DS Automobiles abre una nueva etapa que redefine su ambición tecnológica y su posicionamiento global. La firma francesa da un giro estratégico para seguir liderando la innovación en el segmento premium.
Tras más de una década marcando el paso en la Fórmula E, la marca da el salto a la SailGP, considerada la Fórmula 1 del mar.Este movimiento no es un simple cambio de disciplina, sino una evolución natural de su ADN competitivo. DS ha demostrado que la competición es su mejor laboratorio.
Ahora, tras dominar los circuitos eléctricos, se adentra en un entorno completamente distinto con la misma ambición de excelencia.
La historia de DS Automobiles en la Fórmula E es un ejemplo de visión y compromiso.

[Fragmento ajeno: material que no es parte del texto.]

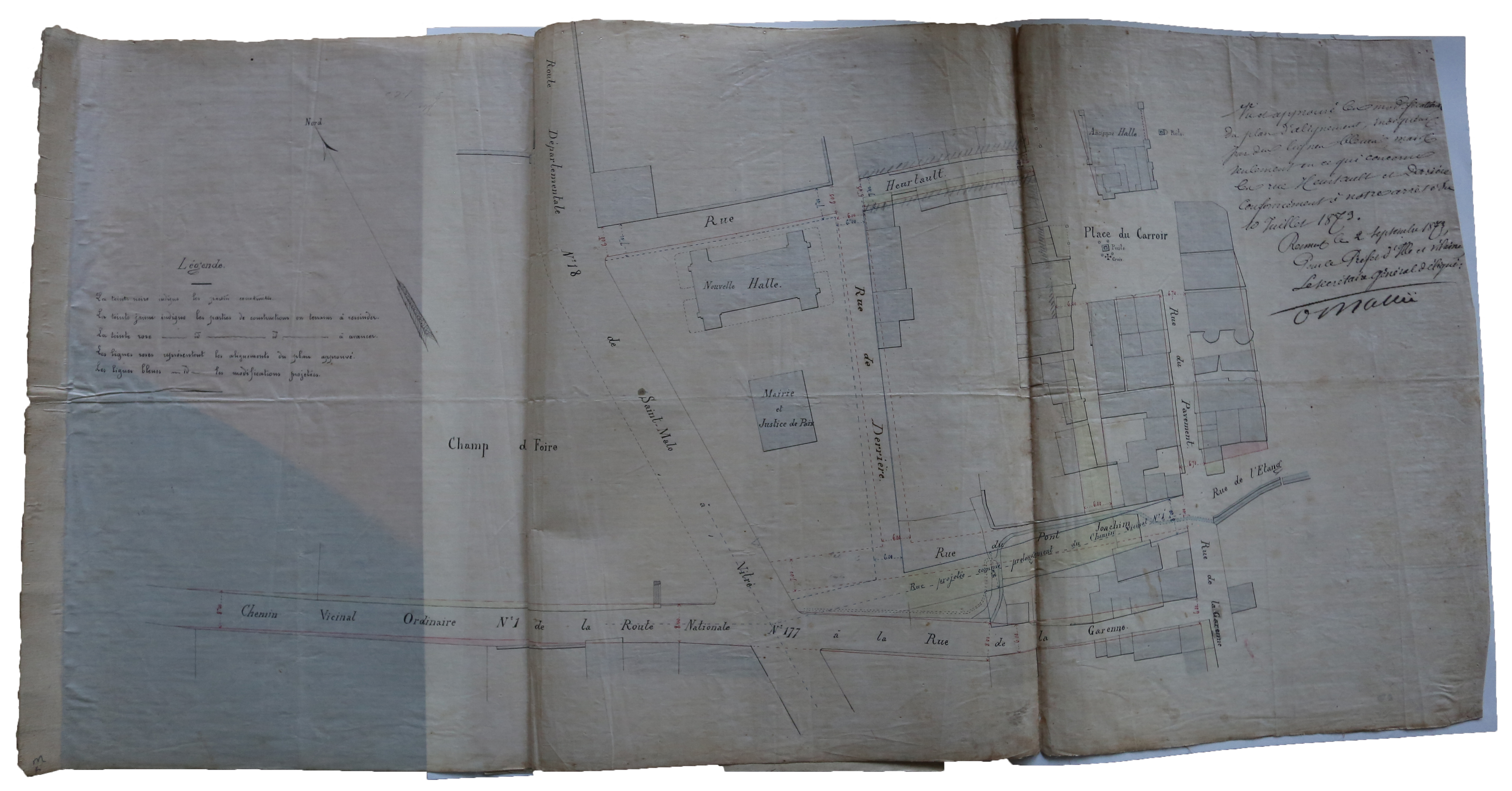 Plan d'alignement de la ville de Archives Saint-Aubin-du-Cormier, 1879, C10 7, Archives communales de Saint-Aubin-du-Cormier.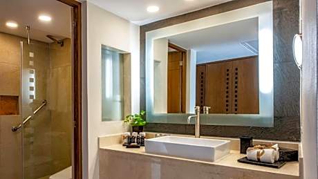 Grand Park Royal Cancun is located on a private 500-yard stretch of beach on the Caribbean Sea. It features 2 outdoor pools and 4 restaurants and lounges. All rooms at Grand Park Royal Cancun - All Inclusive have a sea view, balcony, mini-bar and flat-screen satellite TV. Rooms also have an iron and a desk. The villas offer butler service and 24-hour room service. Dining options include El Mirador restaurant, which offers breakfast and dinner a la carte, with Italian dishes in a fine-dining environment, Cocay restaurant offers a buffet with international cuisine, Flor de Sal offers seafood dishes for lunch & Mexican menu for dinner and Koi Restaurant serves oriental cuisine. Guests can enjoy outdoor massages and spa treatments. The property also offers access to a fitness center, for an additional cost. Cancun International Airport is a 30-minute drive away. License Number(s): 01230050473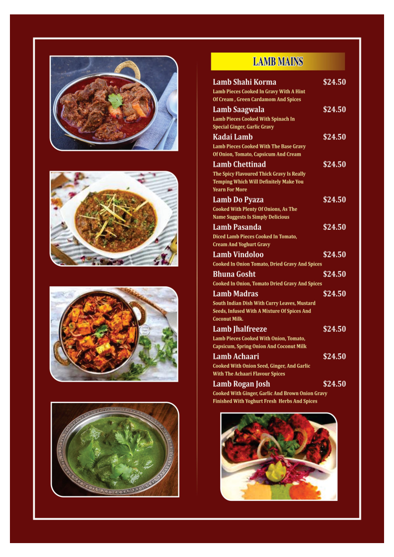 Lamb pieces cooked in gravy with a hint of cream, green cardamom and spices.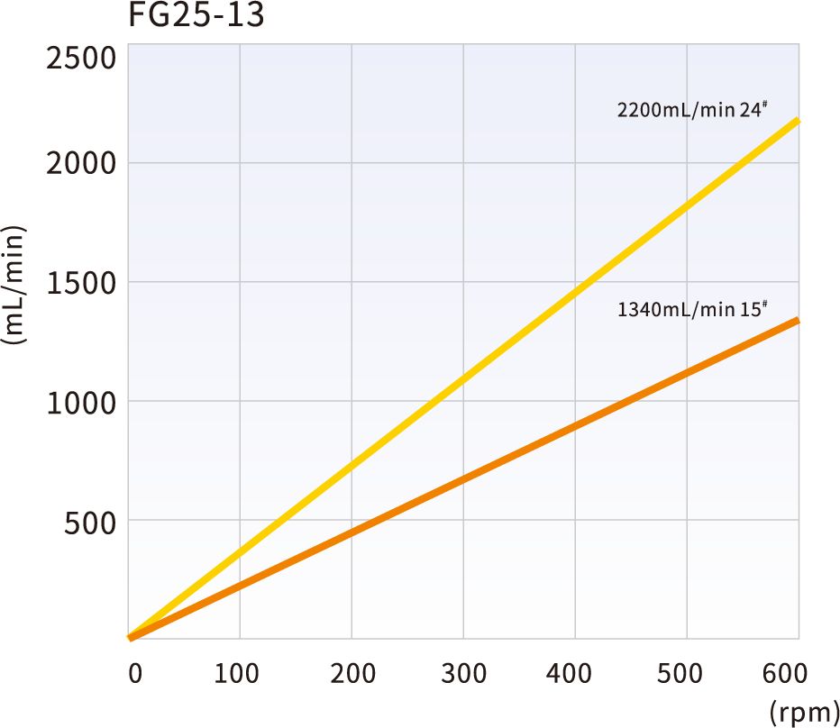 The FG15 uses tubing with a wall thickness of 1.6 mm and achieves a maximum flow rate of up to 2400 mL/min.

Desde sus inicios, apostó por una competición que aún generaba dudas. Aquella decisión temprana fue clave para construir una trayectoria llena de éxitos.
Desde su debut en 2015, la marca acumuló cuatro títulos mundiales, dos de pilotos y dos de constructores. Además, logró 18 victorias, 55 podios y 26 pole position en distintos continentes. Europa, Asia, América y África fueron testigos de su dominio.
Los títulos logrados en las temporadas 2018-2019 y 2019-2020 consolidaron su posición de referencia. Pilotos como Jean-Éric Vergne y António Félix da Costa llevaron a DS a lo más alto. La marca francesa compitió y venció a grandes fabricantes con tradición tecnológica consolidada.
Tecnología de competición aplicada a la calle
El verdadero valor del paso por la Fórmula E no se mide solo en trofeos. DS ha sabido trasladar ese conocimiento a sus modelos de producción. La eficiencia energética, el software y la frenada regenerativa son ejemplos claros.
Vehículos como el DS Nº4, Nº7 y Nº8 integran soluciones desarrolladas en competición. Estas innovaciones permiten alcanzar autonomías de hasta 750 kilómetros en versiones electrificadas. La transferencia tecnológica es directa y tangible para el conductor.

Este enfoque refuerza el posicionamiento premium de la marca. No se trata solo de diseño o confort, sino de ingeniería avanzada aplicada al día a día. DS ha convertido la competición en una herramienta real de desarrollo.
El E-Prix de Madrid marcó un momento histórico para la Fórmula E y para DS Automobiles. El Circuito del Jarama volvió a acoger un campeonato mundial tras décadas de ausencia.
Más de 30.000 espectadores llenaron las gradas en un evento que colgó el cartel de completo. La presencia del Felipe VI subrayó la relevancia institucional del acontecimiento. El impacto mediático y económico fue notable para la ciudad.
La carrera ofreció un espectáculo vibrante, decidido en los últimos instantes. DS volvió a demostrar su capacidad competitiva en un circuito exigente. Aunque los resultados no acompañaron completamente, el rendimiento del equipo evidenció su experiencia.
El paso por la Fórmula E deja una huella imborrable en la historia de DS Automobiles. La marca no solo compitió, sino que ayudó a construir el campeonato desde sus inicios. Ese compromiso fue reconocido por figuras clave del sector.

Alberto Longo destacó el papel fundamental de DS en el crecimiento de la competición. La firma francesa apostó cuando pocos creían en el proyecto. Esa visión temprana fue determinante para el éxito global del campeonato.
Durante once años, DS construyó una reputación sólida basada en resultados y tecnología. Superó a fabricantes con mayor tradición en automovilismo. Ese legado es la base sobre la que se construye su nuevo desafío.